Note: This essay is a slightly modified excerpt from my book on eschatology, called The High King of Heaven: Discovering the Master Keys to the Great End Time Debate. It is drawn from a chapter dealing with the proper interpretation of Old Testament Kingdom Prophecy (OTKP). There are many such prophecies, and Daniel 9:24-27 is among the most difficult and controversial. As a you will see if you read on (and I hope you will!), I have studied the different views with some care, and settled upon an interpretation that I believe is not only sound, but also inspiring and timely. // In this essay you will run across the acronym NCH, which stands for New Covenant Hermeneutic. The NCH is the method the apostles used to interpret the OT in general, and OT Kingdom prophecy in particular. In order to understand the NCH better, you may want to read this short article first. Also, the acronym DNT stands for Didactic New Testament, and references the distinctively teaching portions of the NT (as opposed, say, to historical narratives in the gospels and the book of Acts, or to the Revelation as a whole). My hope and prayer is that in this essay you will catch a fresh, exhilarating glimpse of the High King of heaven, his awesome plan for the ages, and the glorious inheritance that he has prepared for his beloved Bride.
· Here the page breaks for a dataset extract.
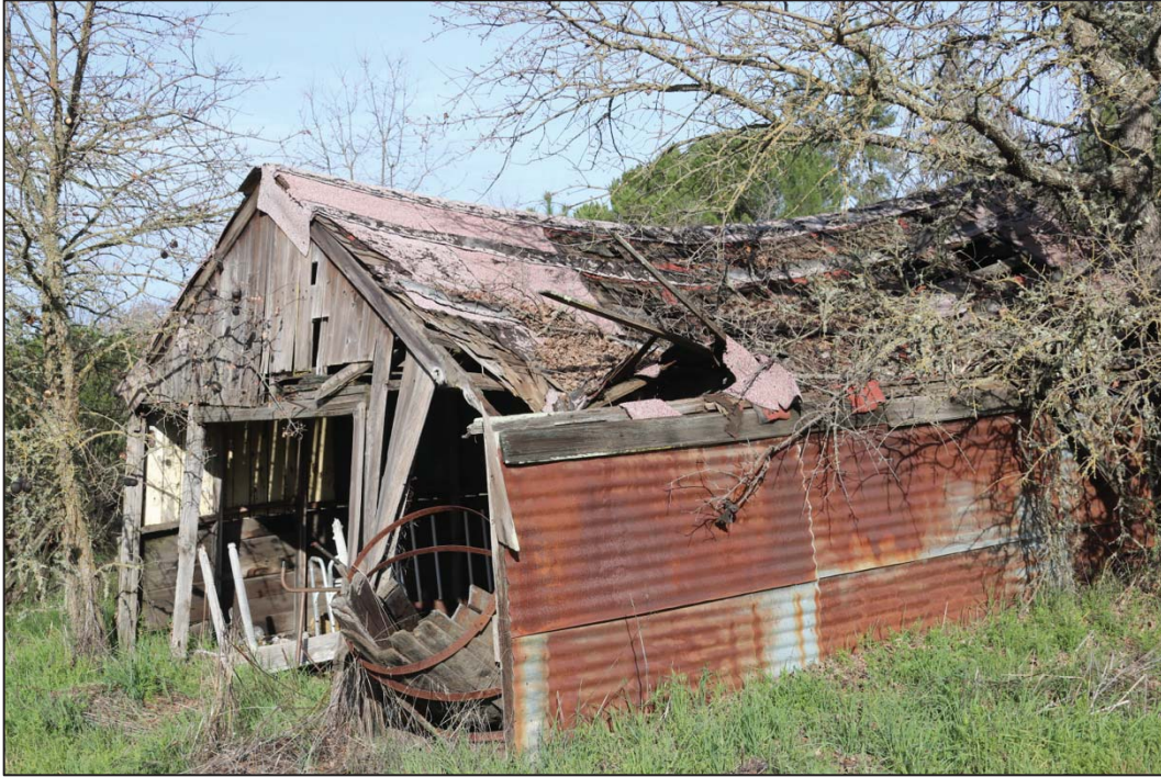
Figure 67: South elevation, southeast corner
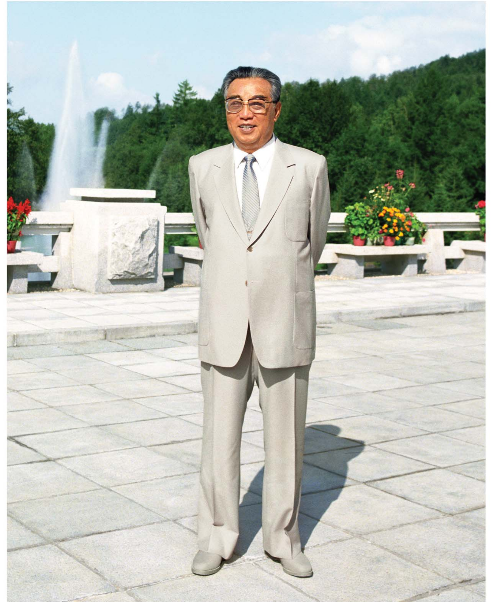
Kim Il Sung, founder of the Democratic People's Republic of Korea

The year is 539 B.C. Daniel, still in captivity under Darius the Mede, has been reading the prophet Jeremiah (Jeremiah 25:11-12, 29:10). He realizes that the 70 years of Jerusalem’s desolation are nearing an end, but also that many captive Jews remain unbroken and impenitent (9:13). They are not spiritually qualified for the great restoration promised decades earlier.
So Daniel prays (9:3-23). First, he rehearses and confesses the sin of God’s covenant-breaking people (9:3-10). Then he acknowledges God’s justice in sending them into captivity (9:11-15). Finally, he makes his petition. Appealing solely to God’s mercy, grace, and zeal for the honor of his Name, he pleads with the LORD to fulfill his promise given through Jeremiah: to restore his City, his Sanctuary, and his Holy Mountain (9:16-19).
His words are not in vain. Even as he is praying, the angel Gabriel arrives and stands before him, declaring to Daniel that God has indeed heard his prayer and answered it. He (Gabriel) has been sent to give Daniel “insight and understanding” about the coming Restoration (9:20-23). In the four long verses that follow, he does (9:24-27)
Are you familiar with this famous OTKP, often referred to as the prophecy of Daniel’s Seventy Sevens (or Weeks)? If so, you know at least one thing for sure: A whole host of commentators have been seeking insight and understanding ever since! In the paragraphs ahead, we will see why.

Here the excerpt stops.